Actuellement, l’évaluation d’un préjudice corporel repose sur des critères médicaux (atteintes fonctionnelles, douleurs, séquelles, etc.) mais aussi sur une part d’appréciation subjective du médecin expert. Deux experts peuvent parfois aboutir à des conclusions différentes pour un même patient. Cette hétérogénéité engendre des risques d’inégalités dans l’indemnisation, notamment en fonction du tribunal saisi, de la spécialité de l’expert ou de la méthodologie appliquée.

C’est dans ce contexte que l’IA, avec ses capacités d’analyse massive de données et de détection de régularités, apparaît comme un outil prometteur pour uniformiser, rationaliser, voire fiabiliser cette évaluation.

L’apport potentiel de l’intelligence artificielle

L’IA peut intervenir à plusieurs niveaux de l’évaluation du dommage corporel :

  • Analyse de dossiers médicaux : grâce au traitement automatique du langage, des algorithmes peuvent extraire les informations cliniques pertinentes à partir de dossiers complexes.
  • Assistance au diagnostic et à l’évaluation fonctionnelle : certains outils d’IA sont capables de prédire l’évolution des séquelles, de modéliser la perte de capacité, voire de suggérer une quantification du déficit fonctionnel permanent (DFP).
  • Comparaison avec des cas similaires : en s’appuyant sur des bases de données de jurisprudence ou de décisions d’expertise, l’IA peut proposer des évaluations comparatives, contribuant à une meilleure égalité de traitement.

De tels outils pourraient assister les experts, sans les remplacer, en leur fournissant une aide à la décision fondée sur des données objectives, historiques et statistiquement fondées.

Des limites techniques, éthiques et juridiques

Toutefois, l’introduction de l’IA dans un domaine aussi sensible soulève de nombreuses interrogations. La première est celle de l’opacité : les algorithmes, notamment ceux dits « boîte noire », ne permettent pas toujours de justifier la logique ayant conduit à une recommandation. Or, la réparation du dommage corporel est un droit fondamental qui exige transparence et contradiction.

Ensuite, le risque de déshumanisation est réel. Le préjudice corporel ne se réduit pas à des chiffres : il englobe la douleur, la souffrance morale, la perte d’autonomie ou encore le préjudice d’agrément. Autant d’éléments difficilement quantifiables, qui exigent une écoute et une sensibilité humaine que l’IA ne saurait remplacer.
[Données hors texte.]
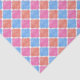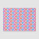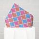 Ornately patterned diamond checked tissue paper in orange, pink and blue.
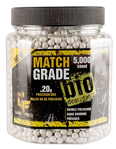 Game Face 20GBW5J 5000 Count Match Grade White Airsoft BBS, 0.20gm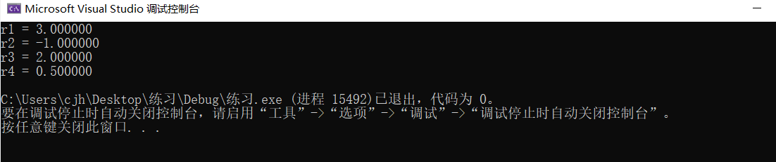 #include <stdio.h> int main() { float x, y; float r1, r2, r3, r4; x = 1; y = 2; r1 = x + y; r2 = x - y; r3 = x * y; r4 = x / y; printf("r1 = %f\n", r1); printf("r2 = %f\n", r2); printf("r3 = %f\n", r3); printf("r4 = %f\n", r4); return 0; }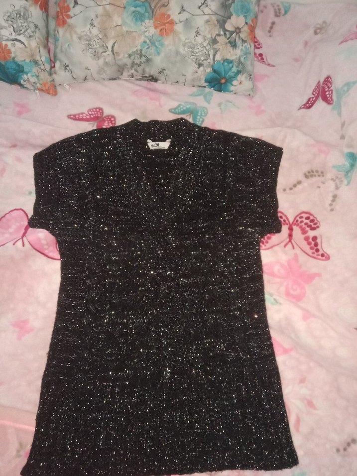 Simli detaylı, kısa kollu, V yaka, uzun kesim ve dar kesim siyah kadın kazak. Yumuşak sentetik kumaştan, günlük sokak stiline uygun rahat bir parça. ✨

La Cour de de justice de l’Union européenne a considéré au sujet du traitement des données des passagers que : « les autorités compétentes ne peuvent prendre, en vertu de l’article 7, paragraphe 6, première phrase, de la directive PNR, aucune décision produisant des effets juridiques préjudiciables à une personne ou l’affectant de manière significative sur la seule base du traitement automatisé de données PNR, ce qui implique, dans le cadre de l’évaluation préalable, qu’elles doivent prendre en compte et, le cas échéant, faire prévaloir le résultat du réexamen individuel opéré par des moyens non automatisés par l’UIP sur celui obtenu par les traitements automatisés. » CJUE, n° C-817/19, Arrêt de la Cour, Ligue des droits humains contre Conseil des ministres, 21 juin 2022

Enfin, se pose la question de la responsabilité : qui serait responsable en cas d’erreur d’évaluation liée à un outil algorithmique ? L’expert ? Le concepteur du logiciel ? Le juge ? Le flou juridique actuel impose une vigilance particulière.
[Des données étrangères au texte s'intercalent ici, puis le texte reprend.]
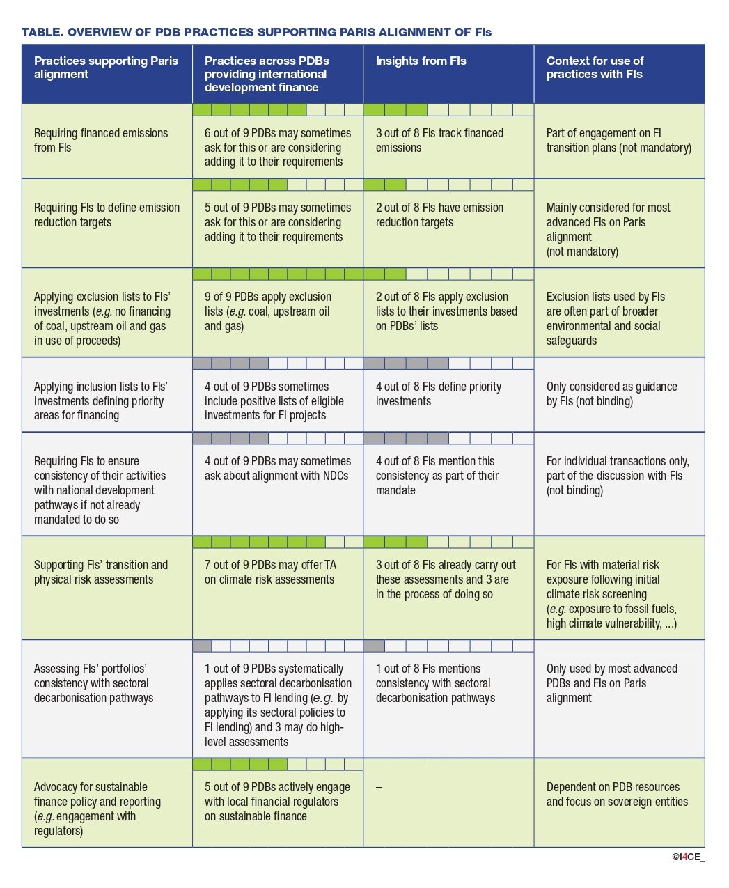 - PDBs need to systematically consider how engagement with FIs can support improvement in their practices (g. through results-based financing, dialogue on Paris alignment and priority areas for investment and institution-level transition, application of E&S safeguards …) and further influence FIs’ practices, prior to disbursement as well as throughout the relationship with the FI;

Le rapport Villani (2018) sur l’intelligence artificielle en France souligne que l’IA doit rester « sous le contrôle de l’homme » dans toutes ses applications critiques, notamment dans les domaines juridiques et médicaux.

Vers une intelligence artificielle « augmentée » et encadrée

Plutôt que de remplacer l’expert, l’IA pourrait l’assister de manière éthique et encadrée. L’objectif serait de concevoir une « intelligence augmentée », c’est-à-dire un outil d’aide à la décision, contrôlé par le médecin, validé par les autorités sanitaires et soumis au contradictoire judiciaire.

Des expérimentations existent déjà, notamment dans les compagnies d’assurance et certains cabinets d’expertise médicale, mais elles restent marginales et souvent confidentielles. Il devient donc crucial de développer une réglementation claire, qui encadre l’usage de ces technologies tout en garantissant les droits des victimes.